The proposed model is Internet only, seemingly inspired by past Estonian pilots. But because Lithuania does not have an e-signature infrastructure banking authentication systems are being proposed for voter authentication. This is wrong on so many levels: Are people without bank accounts at a disadvantage? Are people working for banks going to have access to privileged information? Will bank worked be able to create new authentication credentials?

Emilis, who works for a bank, has been an election worker and is also a coder noticed the announcement and has got some press coverage for those opposed to Internet voting.
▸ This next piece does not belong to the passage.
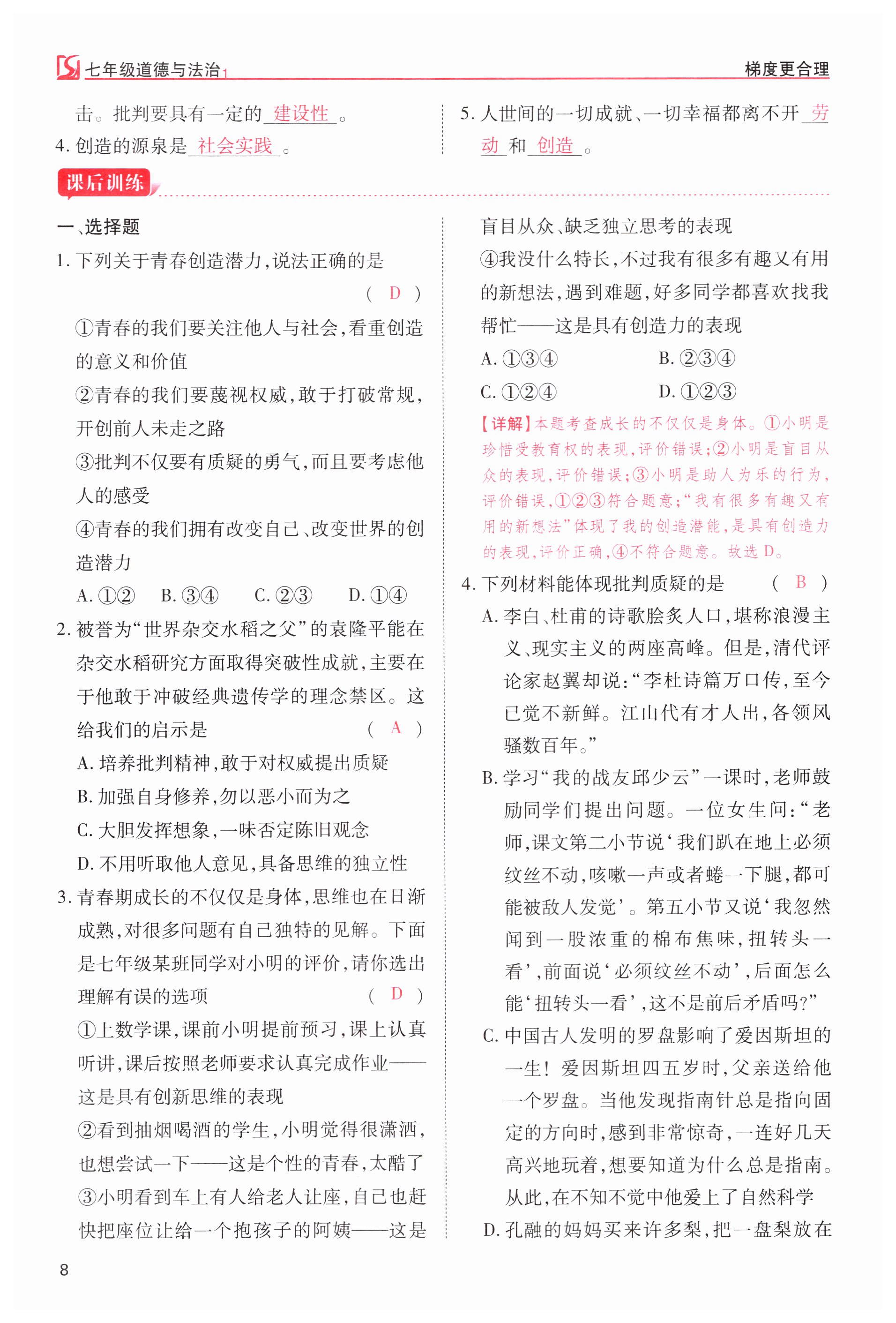 注:目前有些书本章节名称可能整理的还不是很完善,但都是按照顺序排列的,请同学们按照顺序仔细查找。练习册 2023年畅行课堂七年级道德与法治下册人教版山西专版 答案主要是用来给同学们做完题方便对答案用的,请勿直接抄袭。
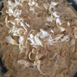 3Gradually whisk chicken broth into sauce and bring to a simmer, whisking constantly. Stir cooked chicken and sour cream into sauce, season with salt and black pepper, and mix with cooked noodles to serve.

He published a paper on his site, which he summarised in English as:

In my paper I state 4 main concerns:

1. Citizens will not be sure if the election results are legal, because “experts” will be used instead of ordinary spectators (which can be anyone)
2. One of the main cornerstones of democracy will become dependent on big business (usually foreign capital) and IT expert influence
3. It would be easier to do election fraud
4. There will appear a big risk of disclosing information on how people voted (which should be secret under our Constitution).

I support these concerns with 4 main groups of arguments:

1. System based on advanced technology will never be understandable and transparent enough for the great majority of Lithuanian people
2. A centralized system is in essence less secure than the current decentralized (we have 2000 voting districts with 400 – 6000 voters in them).
3. The system described in the concept is not secure, because: a. the voter votes at home, and there can be both influence with force, or bribery b. the security of the voters computer (think Windows viruses, trojans, botnets) is not taken into account c. bank personell can sell identification date to interested parties (that would definately be a crime, but very hard to trace — I support it by also stating that I currently work at a bank) d. the SSL certificate for the i. voting server would be either issued by foreign company (like Verisign), or not supported on users computers (Aidas Kasparas http://kasparas.net/, though he is in favour of i. voting helped me with this argument — he's a real expert of networking and server administration) e. noone can really guarrant total security of the i. voting server (think about hidden virtual machines underneath the OS, hardware that secretly copies data and so on) — that would be James Bond difficult, but if you can own a country by doing that it surely pays off.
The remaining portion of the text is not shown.